What the task asks. Print the entries below again exactly as they stand, but skip any picture.
#### Extracted information ####
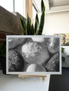 This captivating Monochrome Fine Art print presents an enchanting close-up of smooth, rounded pebbles or stones, transformed into a mesmerising tableau by clever lighting and composition. The image focuses on a collection of diverse stones, each with its own unique colouration and texture, set against a backdrop of ethereal Monochrome light. The centrepiece is a large, pale stone with intricate patterns reminiscent of a planetary surface, surrounded by smaller stones in various hues and textures.
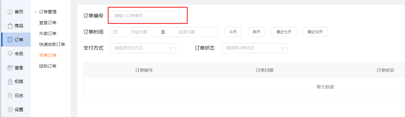 商家可输入订单编号,在下列图表中显示出此编号的买单订单。
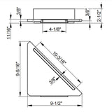 - Corner Shelf Dimensions - looking at the shelf from the shower: Right side with mounting bracket: 9-1/2" x Left side 9-5/16" x 11/16" overall height including mounting bracket. With Squeegee: Overall height 2-1/2". The Squeegee is 10-3/16" x 2-1/2".
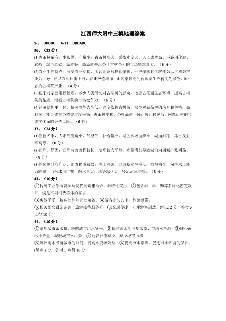 高三文综答案--江西省师范大学附属中学2023届高三三模
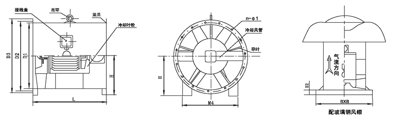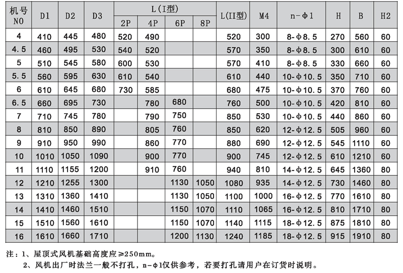 注: HTF型可根據需要制成消音型(進出風端加置專用消聲器) ;表示方法: 機號后面加字母“X”。HTF型均可制成屋頂式,表示方法:機號后面加字母“W”
####
Exercise result.
 This captivating Monochrome Fine Art print presents an enchanting close-up of smooth, rounded pebbles or stones, transformed into a mesmerising tableau by clever lighting and composition. The image focuses on a collection of diverse stones, each with its own unique colouration and texture, set against a backdrop of ethereal Monochrome light. The centrepiece is a large, pale stone with intricate patterns reminiscent of a planetary surface, surrounded by smaller stones in various hues and textures.
 商家可输入订单编号,在下列图表中显示出此编号的买单订单。
 - Corner Shelf Dimensions - looking at the shelf from the shower: Right side with mounting bracket: 9-1/2" x Left side 9-5/16" x 11/16" overall height including mounting bracket. With Squeegee: Overall height 2-1/2". The Squeegee is 10-3/16" x 2-1/2".
 高三文综答案--江西省师范大学附属中学2023届高三三模
 注: HTF型可根據需要制成消音型(進出風端加置專用消聲器) ;表示方法: 機號后面加字母“X”。HTF型均可制成屋頂式,表示方法:機號后面加字母“W”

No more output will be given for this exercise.